(Available data):
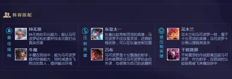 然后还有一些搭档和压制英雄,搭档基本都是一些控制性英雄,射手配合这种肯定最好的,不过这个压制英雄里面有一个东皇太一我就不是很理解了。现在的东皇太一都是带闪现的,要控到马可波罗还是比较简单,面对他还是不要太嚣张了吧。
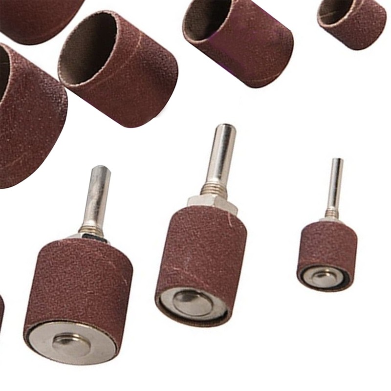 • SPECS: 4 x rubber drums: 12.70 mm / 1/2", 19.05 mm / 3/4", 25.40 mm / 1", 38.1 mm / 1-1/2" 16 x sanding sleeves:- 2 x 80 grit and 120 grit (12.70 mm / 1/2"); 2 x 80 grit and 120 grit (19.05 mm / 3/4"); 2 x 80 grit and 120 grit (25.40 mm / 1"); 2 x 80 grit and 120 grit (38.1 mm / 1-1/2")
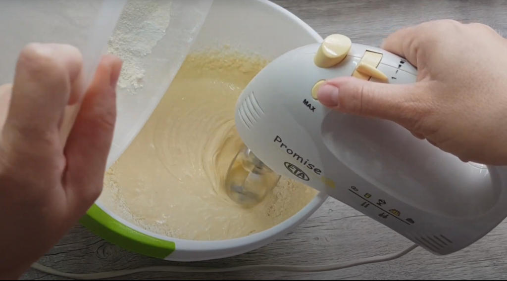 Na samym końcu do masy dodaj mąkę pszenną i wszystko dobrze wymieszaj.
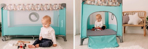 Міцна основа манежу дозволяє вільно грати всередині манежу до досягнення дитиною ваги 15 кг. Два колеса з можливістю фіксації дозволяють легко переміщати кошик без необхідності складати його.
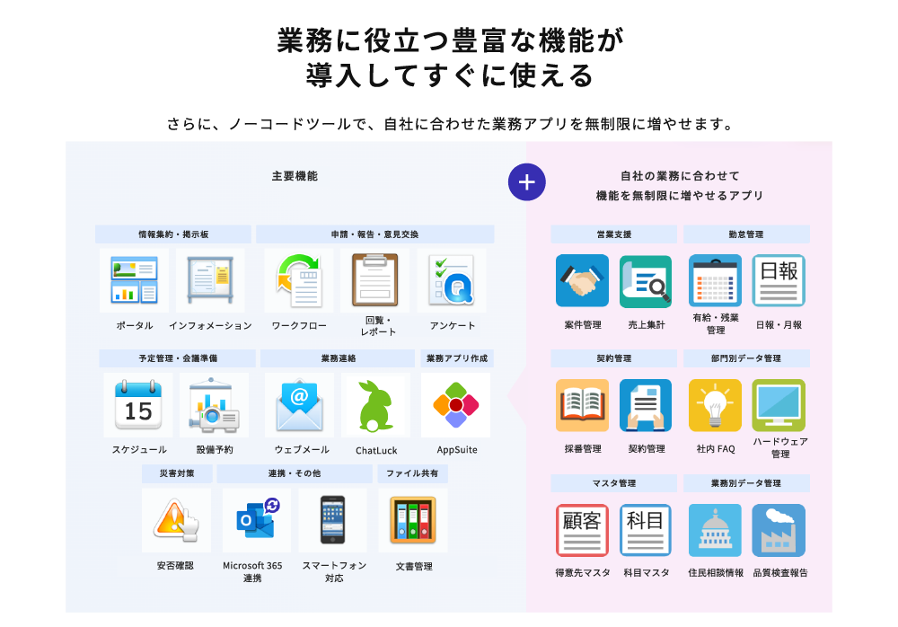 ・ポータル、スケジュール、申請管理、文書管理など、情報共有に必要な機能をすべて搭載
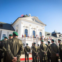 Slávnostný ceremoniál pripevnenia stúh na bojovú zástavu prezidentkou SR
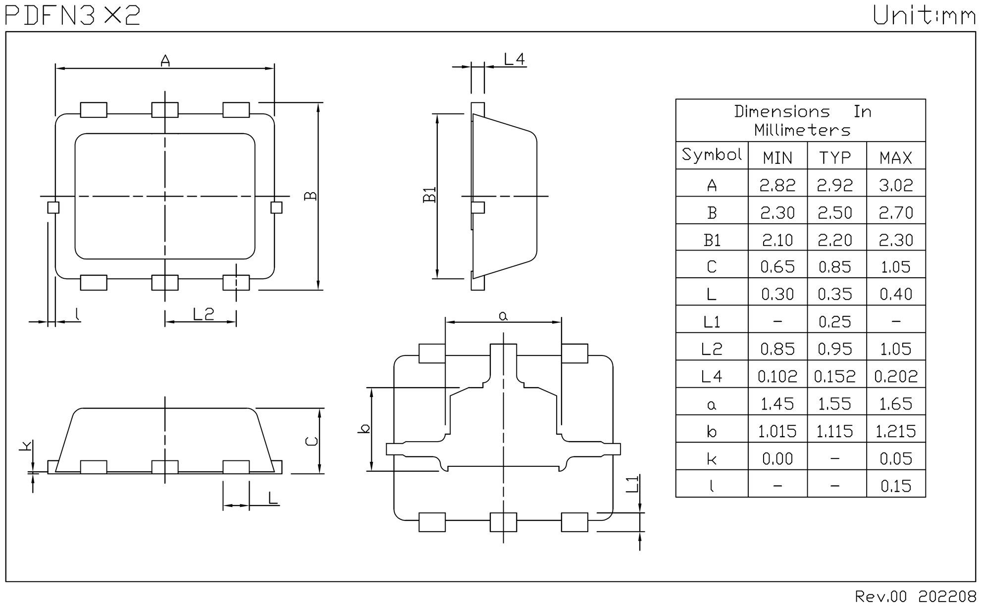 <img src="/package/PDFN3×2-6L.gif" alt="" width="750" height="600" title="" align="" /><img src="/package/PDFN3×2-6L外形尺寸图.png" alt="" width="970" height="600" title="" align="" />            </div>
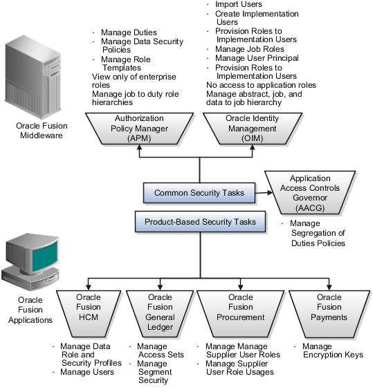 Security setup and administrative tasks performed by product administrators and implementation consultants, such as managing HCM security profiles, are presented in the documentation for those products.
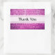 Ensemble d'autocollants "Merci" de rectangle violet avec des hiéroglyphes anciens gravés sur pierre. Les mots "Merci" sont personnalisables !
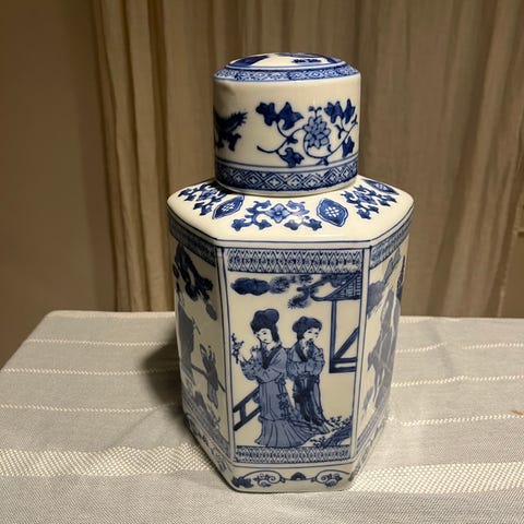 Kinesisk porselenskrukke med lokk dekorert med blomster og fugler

(Task instructions): Set down the entries above exactly, and keep every picture out of your copy.

(Exercise response):
 然后还有一些搭档和压制英雄,搭档基本都是一些控制性英雄,射手配合这种肯定最好的,不过这个压制英雄里面有一个东皇太一我就不是很理解了。现在的东皇太一都是带闪现的,要控到马可波罗还是比较简单,面对他还是不要太嚣张了吧。
 • SPECS: 4 x rubber drums: 12.70 mm / 1/2", 19.05 mm / 3/4", 25.40 mm / 1", 38.1 mm / 1-1/2" 16 x sanding sleeves:- 2 x 80 grit and 120 grit (12.70 mm / 1/2"); 2 x 80 grit and 120 grit (19.05 mm / 3/4"); 2 x 80 grit and 120 grit (25.40 mm / 1"); 2 x 80 grit and 120 grit (38.1 mm / 1-1/2")
 Na samym końcu do masy dodaj mąkę pszenną i wszystko dobrze wymieszaj.
 Міцна основа манежу дозволяє вільно грати всередині манежу до досягнення дитиною ваги 15 кг. Два колеса з можливістю фіксації дозволяють легко переміщати кошик без необхідності складати його.
 ・ポータル、スケジュール、申請管理、文書管理など、情報共有に必要な機能をすべて搭載
 Slávnostný ceremoniál pripevnenia stúh na bojovú zástavu prezidentkou SR
 <img src="/package/PDFN3×2-6L.gif" alt="" width="750" height="600" title="" align="" /><img src="/package/PDFN3×2-6L外形尺寸图.png" alt="" width="970" height="600" title="" align="" />            </div>
 Security setup and administrative tasks performed by product administrators and implementation consultants, such as managing HCM security profiles, are presented in the documentation for those products.
 Ensemble d'autocollants "Merci" de rectangle violet avec des hiéroglyphes anciens gravés sur pierre. Les mots "Merci" sont personnalisables !
 Kinesisk porselenskrukke med lokk dekorert med blomster og fugler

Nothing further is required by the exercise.